**DIRECTIONS**
For this exercise, retype the lines from the one that holds "Κατεβάστε τις οδηγίες" through the one that holds "杭州供電公司員工借助AI設(shè)備開" in the records below, both included, exactly and without pictures.

(Items listed in a dataset)
_ _ _ _ _ _ _

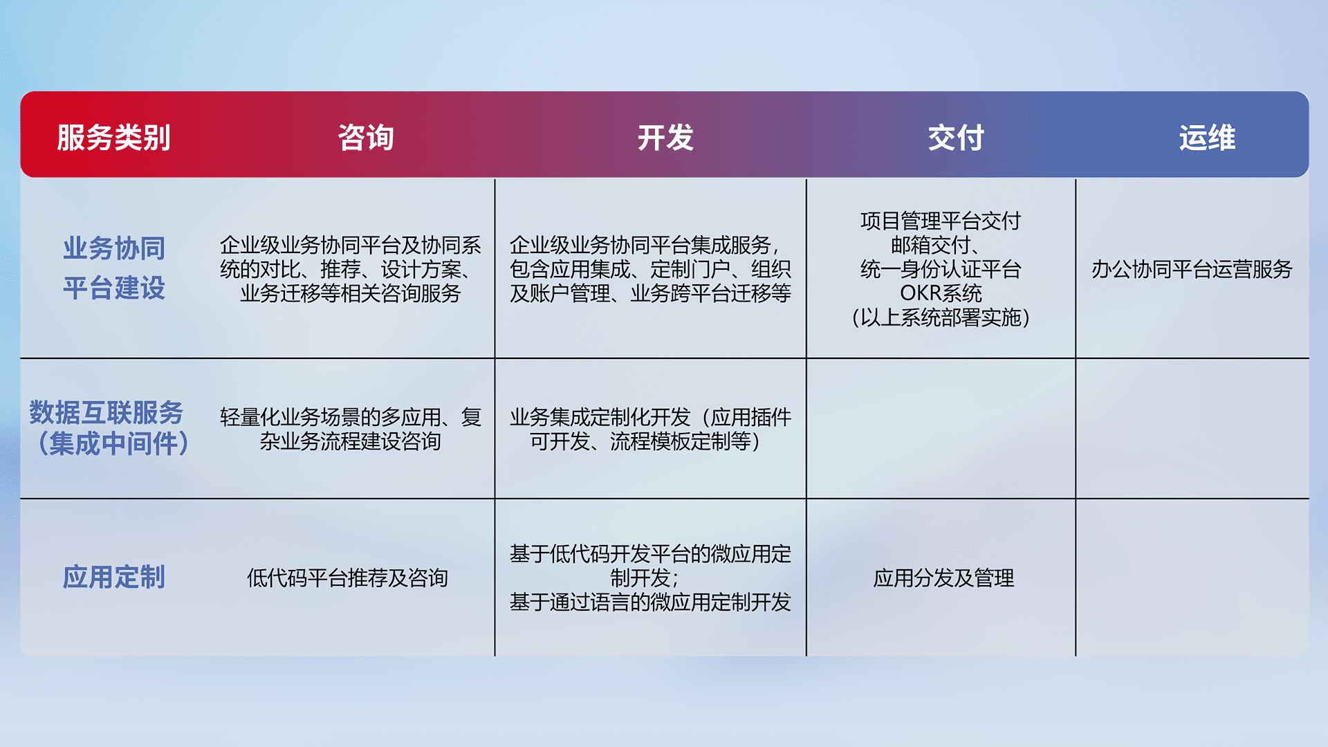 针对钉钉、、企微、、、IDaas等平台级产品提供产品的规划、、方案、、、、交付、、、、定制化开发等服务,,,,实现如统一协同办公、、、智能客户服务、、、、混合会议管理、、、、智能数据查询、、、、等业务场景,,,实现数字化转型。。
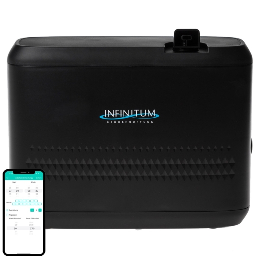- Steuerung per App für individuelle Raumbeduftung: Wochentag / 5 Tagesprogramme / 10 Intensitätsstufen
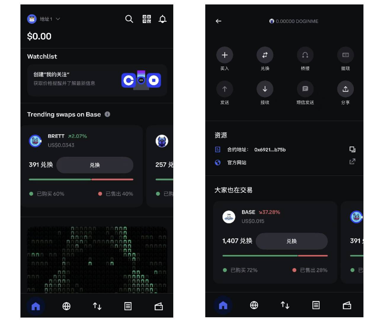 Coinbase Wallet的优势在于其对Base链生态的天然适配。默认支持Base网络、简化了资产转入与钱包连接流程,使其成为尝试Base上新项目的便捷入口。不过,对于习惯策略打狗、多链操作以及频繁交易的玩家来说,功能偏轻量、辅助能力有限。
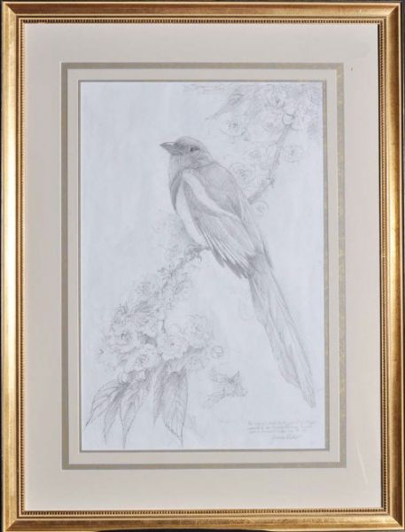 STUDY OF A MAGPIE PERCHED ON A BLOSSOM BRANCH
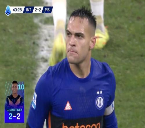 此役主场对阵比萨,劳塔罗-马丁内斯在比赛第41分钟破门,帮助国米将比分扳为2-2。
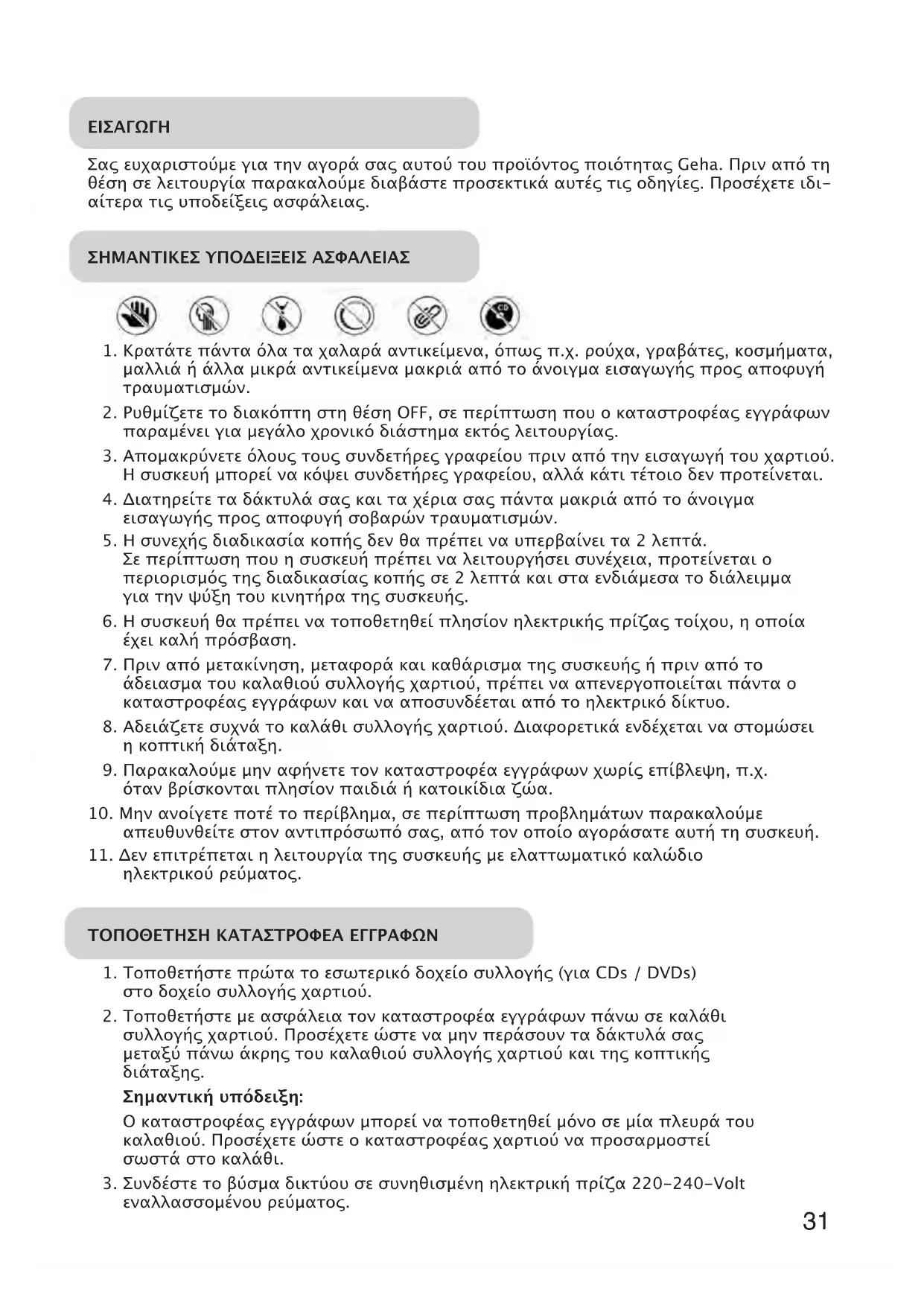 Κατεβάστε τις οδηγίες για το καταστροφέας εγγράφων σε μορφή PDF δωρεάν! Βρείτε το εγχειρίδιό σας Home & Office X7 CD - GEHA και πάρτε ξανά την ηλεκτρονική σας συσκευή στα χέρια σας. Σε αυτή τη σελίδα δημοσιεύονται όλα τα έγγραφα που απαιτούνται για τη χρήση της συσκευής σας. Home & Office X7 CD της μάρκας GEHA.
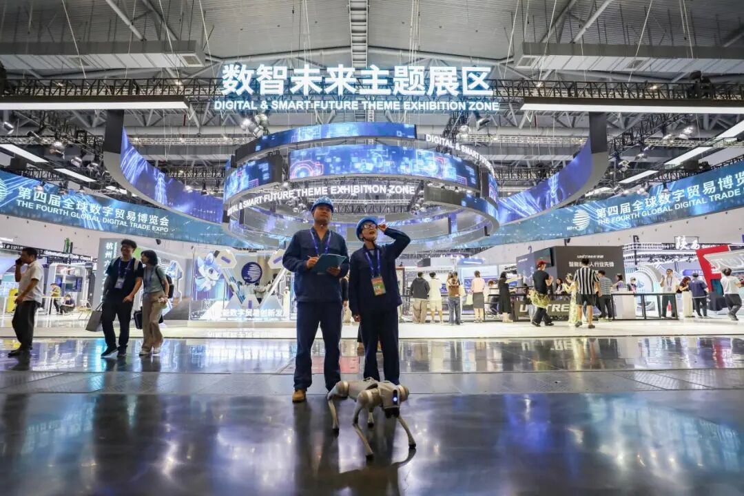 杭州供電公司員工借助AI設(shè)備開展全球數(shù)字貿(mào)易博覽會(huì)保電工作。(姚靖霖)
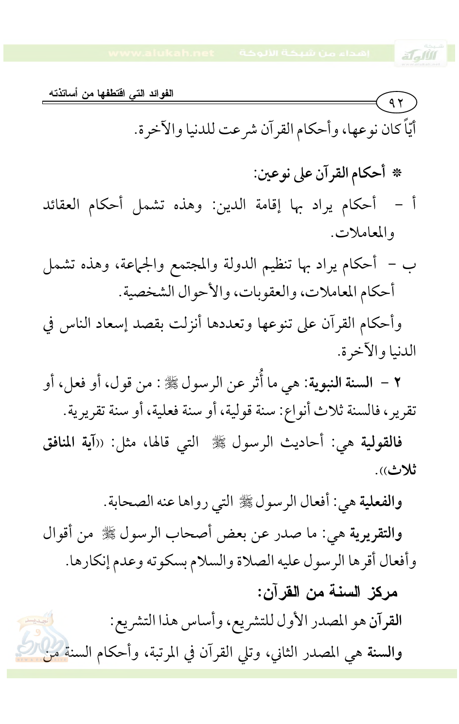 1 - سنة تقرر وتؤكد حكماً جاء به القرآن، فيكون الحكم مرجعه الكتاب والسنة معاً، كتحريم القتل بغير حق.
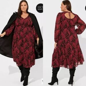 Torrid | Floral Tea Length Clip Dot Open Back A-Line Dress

_ _ _ _ _ _ _

**TASK RESULT**
 Κατεβάστε τις οδηγίες για το καταστροφέας εγγράφων σε μορφή PDF δωρεάν! Βρείτε το εγχειρίδιό σας Home & Office X7 CD - GEHA και πάρτε ξανά την ηλεκτρονική σας συσκευή στα χέρια σας. Σε αυτή τη σελίδα δημοσιεύονται όλα τα έγγραφα που απαιτούνται για τη χρήση της συσκευής σας. Home & Office X7 CD της μάρκας GEHA.
 杭州供電公司員工借助AI設(shè)備開展全球數(shù)字貿(mào)易博覽會(huì)保電工作。(姚靖霖)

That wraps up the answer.